De nombreuses réticences perdurent

Le rapport Jutand fait quatre recommandations au gouvernement, pour inscrire l’ouverture des données publiques de transport dans la future loi numérique. Avec un principe de base : "La notion d’intérêt général est le véritable moteur pour savoir quelles données doivent être ouvertes", explique Francis Jutand. En effet, même s’il parait évident que toutes les données doivent être ouvertes pour que cela serve à quelque chose, les acteurs, même publics, sont réticents à partager les données dynamiques. Celles qui indiquent en temps réel les horaires effectifs de passage, les ralentissements, les accidents… Consensuel dans sa première recommandation, le rapport propose donc trois modes d’ouverture pour les données publiques de transport : ouvertes libres de réutilisations, ouvertes sous condition et ouvertes à fin d’étude et de recherche. Une idée qui ne fait pas l’unanimité. "On ne peut pas construire un système de transport sans toutes les données", insiste Henri Verdier.

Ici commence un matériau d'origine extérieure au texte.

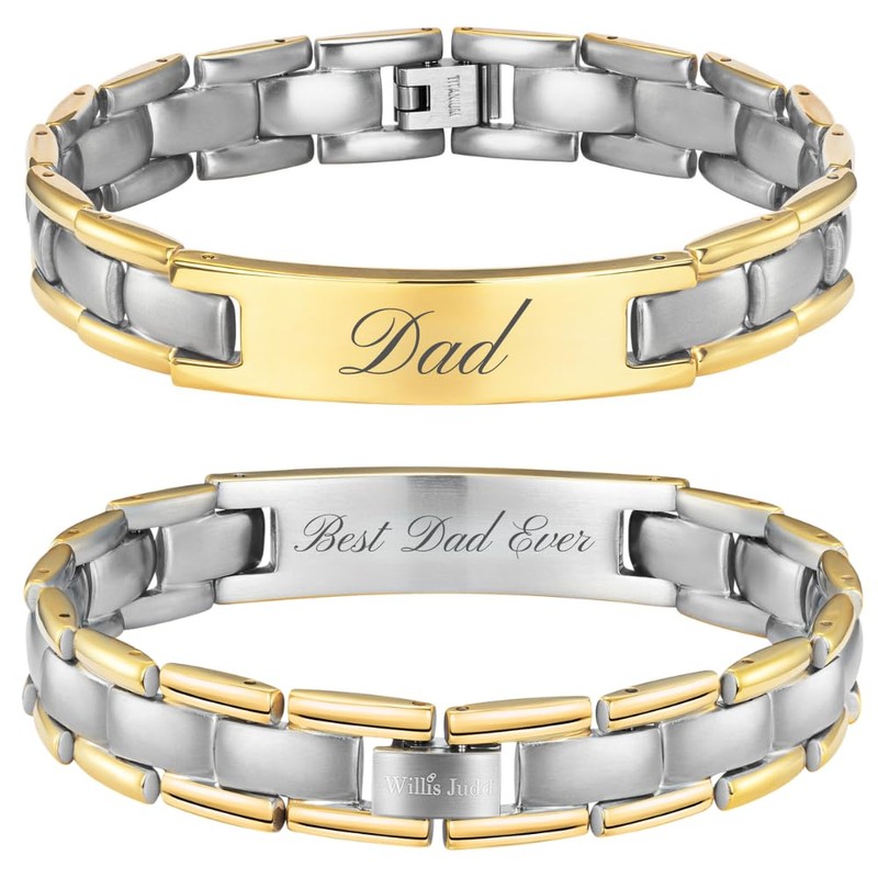 Willis Judd Mens Two Tone Titanium DAD Bracelet Engraved Best Dad Ever with Gift Box & Link Removal Tool

La qualité des données, critère primordial

Moins polémique, la deuxième recommandation propose de fixer le cadre, avec la rédaction de CGU (Conditions générales d’utilisation) et l’utilisation en priorité du mode de licence ouverte défini par Etalab. Le rapport ne peut certes pas imposer l’open data transport aux entreprises en concurrence, mais il les incite fortement à l’inscrire dans leur stratégie dans ses recommandations 3 et 4. Reste enfin l’épineux problème de la qualité et de la complétude des données. Car ouvrir les données ne sert à rien si elles ne sont pas valorisables. Or les start-up du secteur s’arrachent les cheveux pour exploiter les données déjà ouvertes, tant il manque un référentiel commun. Sans parler des trous. "L’impact du coût de production des données et la nature des modèles économiques associés sur la qualité de service et la valorisation des données doivent être pris en compte, mais ne doivent pas conduire à pérenniser les 'trous de gruyère' quand l’intérêt général est en jeu", indique le rapport. En clair, les données publiques ouvertes devront être de qualité. Aucune excuse ne sera acceptée. Au gouvernement d’inscrire toutes ces obligations dans sa loi numérique, qui devrait être débattue à l’automne 2015.